Lisbon – East Timor's deposed prime minister, Mari Alkatiri, rejected Thursday a report by a conflict-prevention group which recommended that he and President Xanana Gusmao sit out next year's general election to reduce tensions in Asia's newest nation.

The Brussels-based International Crisis Group blamed deadly clashes between rival armed factions which swept Dili in April and May partly on a longstanding rivalry between the two men in the report released Tuesday.

The report said internal divisions pose the greatest threat to the elections and that "the most important guarantor against violence might be for the more controversial figures in the capital to sit this election out voluntarily."

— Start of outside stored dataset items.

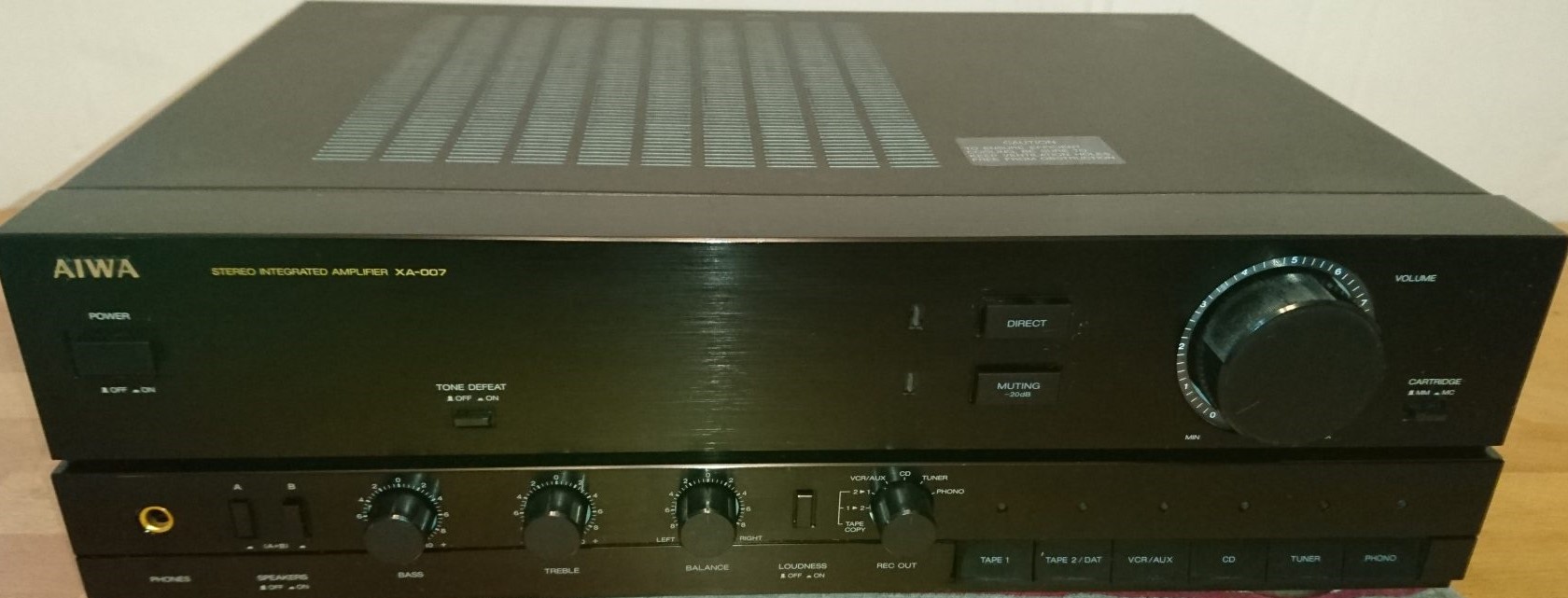 Der Aiwa XA-007 ist ein schwarzer Stereo-Vollverstärker, der für seine gute Klangqualität und vielseitigen Anschlussmöglichkeiten bekannt ist. Er bietet eine Ausgangsleistung von 2x80W an 8 Ohm und verfügt über einen Phono-Eingang, der sowohl Moving Magnet (MM) als auch Moving Coil (MC) Tonabnehmersysteme unterstützt. Zusätzliche Funktionen wie Klangregelung (Bass/Höhen), Loudness und eine Source-Direct-Funktion erhöhen die Flexibilität.
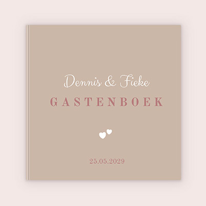 Stijlvol bruiloft gastenboek in bruin-roze tint met datum
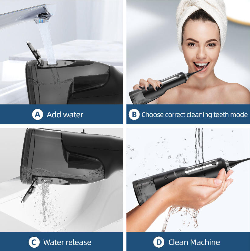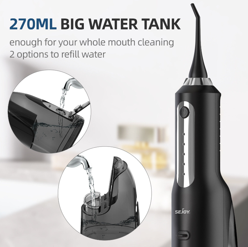 • 【Detachable Water Tank &IPX7 Waterproof】The large 270ML water tank,,saving you the trouble of always adding water. The detachable design allows easy cleaning of the interior.IPX7 waterproof design makes it easy to use the water dental flosser for showering in the bathroom,and can be washed with water.
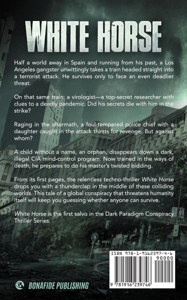 A gangster is caught in a terrorist attack. An orphan child disappears into a CIA mind control project. A global conspiracy to unleash a viral pandemic must be stopped. Half a world away in Spain and running from his past, a Los Angeles gangster unwittingly takes a train that's headed straight into a terrorist attack. He survives only to face an even deadlier threat. On that same train: a virologist with clues to a deadly epidemic. Did his secrets die with him in the strike? Raging in the aftermath, a foul-tempered police chief with a daughter caught in the attack thirsts for revenge. But against whom? An orphan child without a name disappears down a dark, illegal CIA mind-control programme. Now trained in the ways of death, he prepares to do his master's twisted bidding. From its first pages, the relentless techno-thriller White Horse drops you with a thunderclap in the middle of these colliding worlds. This tale of a global conspiracy that threatens humanity itself will keep you guessing whether anyone can survive.
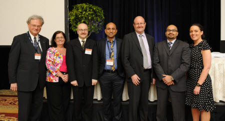 OSSEO GUEST PANELISTS (l-r) Dr Cor Cremers, Radboud University Nijmegen Medical Centre, Netherlands;Jane Sebzda, AuD , Children's Hospital of Wisconsin;Arjan Bosman, PhD , Radboud University Nijmegen, Medical Centre, Netherlands;Oticon Medical Director of Clinical Research and Professional Relations Ravi Sockalingam, PhD;Oticon Medical CEO Jes Olsen;Seilesh Babu, MD, Michigan Ear Institute and Becki Gladdis, BSc(Hons) Central Manchester University Hospitals NHS Foundation Trust, Manchester Royal Infirmary.
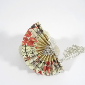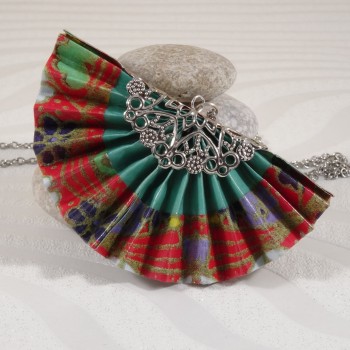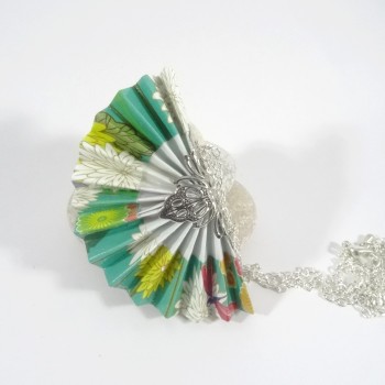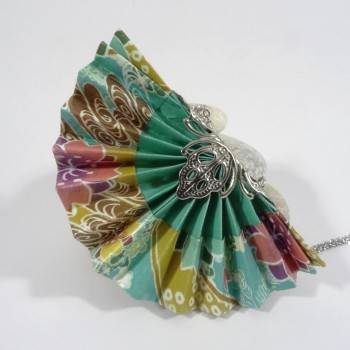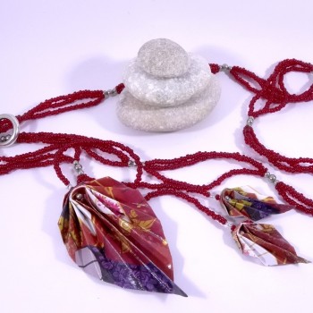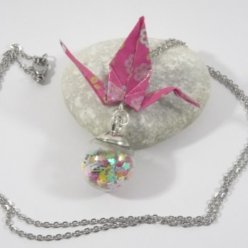 La dernière photo vous présente le modèle Collier Grue Origami sur Bulle porté.
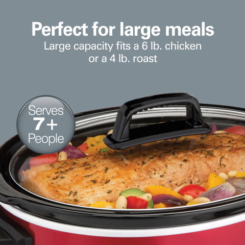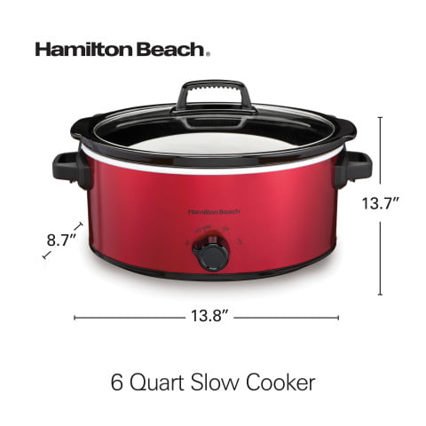 Hamilton Beach Slow Cooker. Large Capacity. Serves 7+. 6 Quarts. Red. 33666
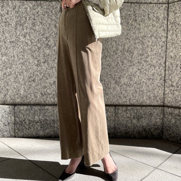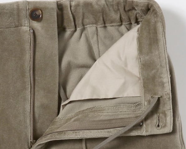 素材作りからこだわるAURALEE、オーガニックコットンの美しい毛並みのベロア生地を使用しています。内側のドローコードでウエストのフィット感は調節できます
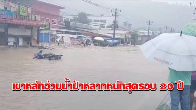 เขาหลักอ่วม! น้ำป่าไหลหลาก เข้าท่วมบ้านเรือนประชาชน ชุมชนแหล่งท่องเที่ยว หนักสุดรอบ 20 ปี
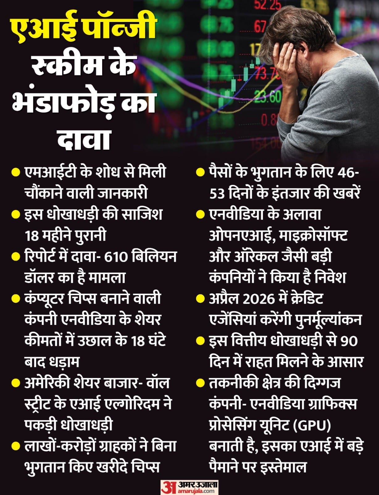 एक रिपोर्ट में मशीन इंटेलिजेंस से अरबों के फर्जीवाड़े को पकड़ने का दावा किया गया है। इस मामले से एनवीडिया, माइक्रोसॉफ्ट और ओपनएआई जैसी दिग्गज कंपनियों के नाम जुड़े हैं। दावा किया जा रहा है कि 610 बिलियन अमेरिकी डॉलर की ये धोखाधड़ी एआई पॉन्जी स्कीम है और शेयर बाजार में अरबों का घपला हुआ है। जानिए क्या है पूरा मामला
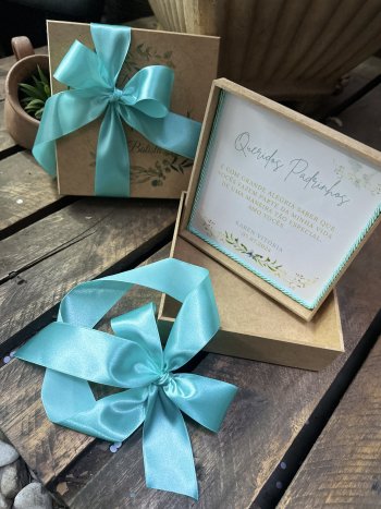CAIXA PADRINHOS 16,5X16,5X5CM COM LETRINHAS C/ LACO SEM CONVITE - UNID
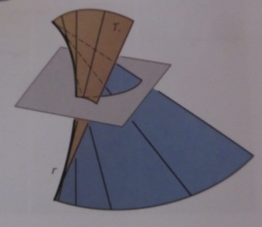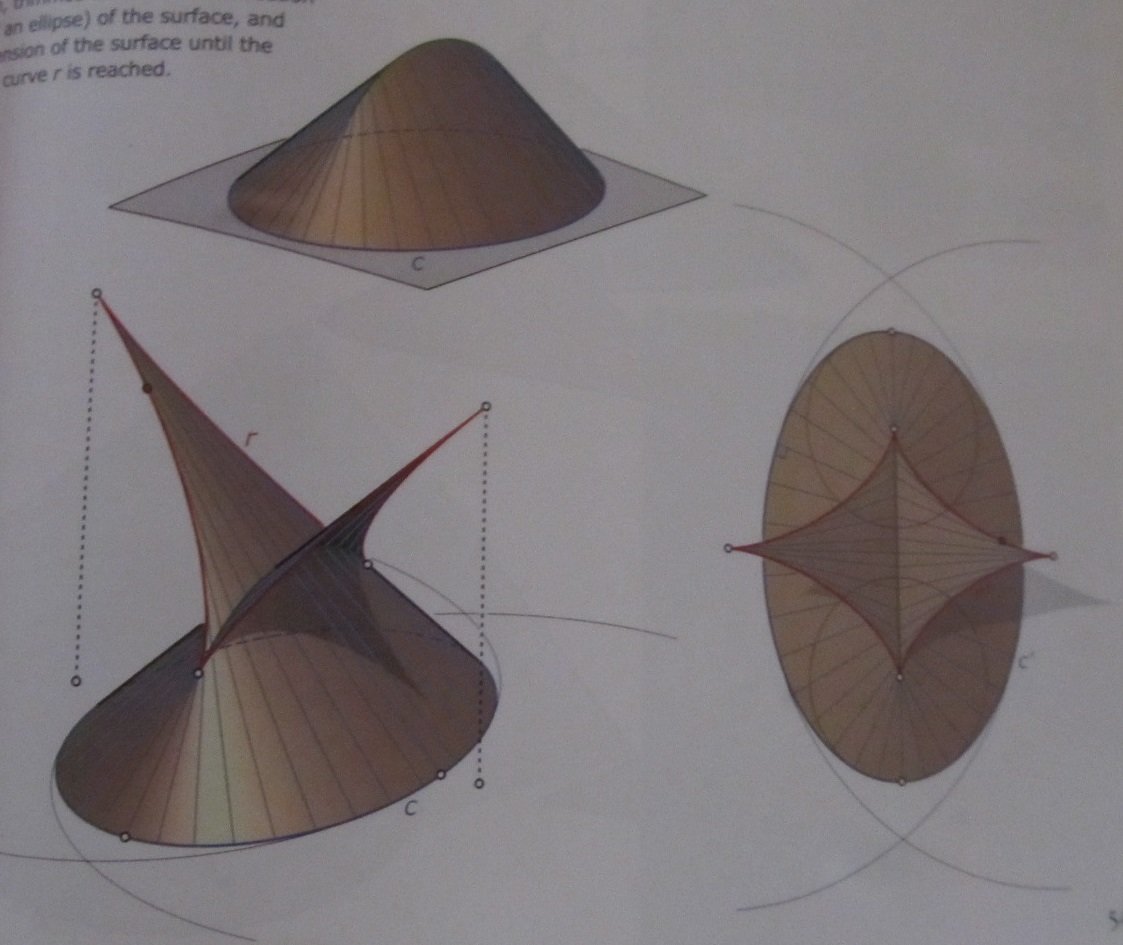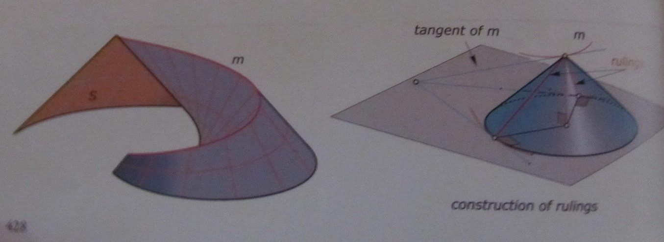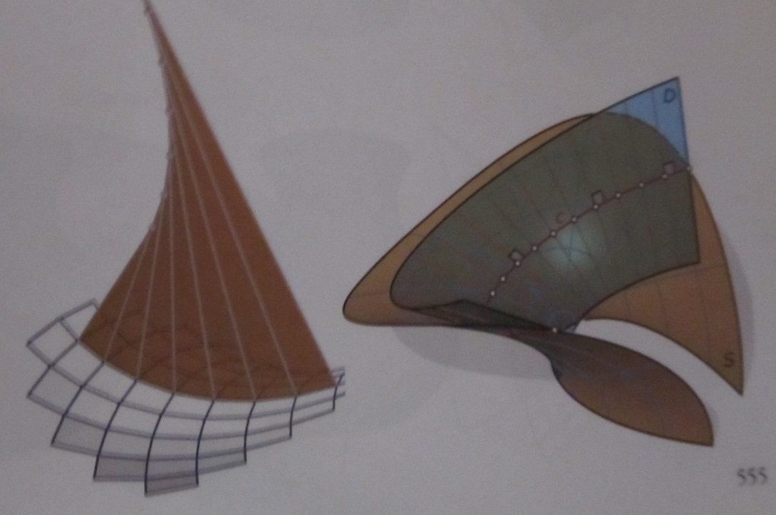 A superfícies é determinada pela translação do vértice de um cone ao longo da curva da cumeeira.

It advised Gusmao and Alkatiri "to think the unthinkable – foregoing any role in the 2007 elections so new leaders can emerge."

But in an interview published in daily Portuguese newspaper Publico, Alkatiri said the report's findings were "a simplistic way to understand what happened in the past in East Timor." "I don't want the conflict to be reduced to two people – me and Xanana Gusmao. Or that today's situation be seen as the result of old conflicts," he added.

Alkatiri resigned as prime minister under pressure in June following a wave of unrest in which more than 30 people were killed and an estimated 100,000 people were displaced.

The violence erupted after Alkatiri sacked over a third of its armed forces and it led to the deployment to East Timor of more than 3,200 international peacekeepers from Australia, New Zealand, Malaysia and Portugal.

Alkatiri was replaced as prime minister by Jose Ramos-Horta, a Nobel Peace Prize winner and East Timor's representative abroad during its struggle to break free of an Indonesian occupation that lasted from 1975 to 1999.

A neglected Portuguese colony for hundreds of years before the Indonesian occupation, East Timor is one of the poorest countries in the world in terms of income terms but has considerable oil and natural gas resources that are just beginning to be explored.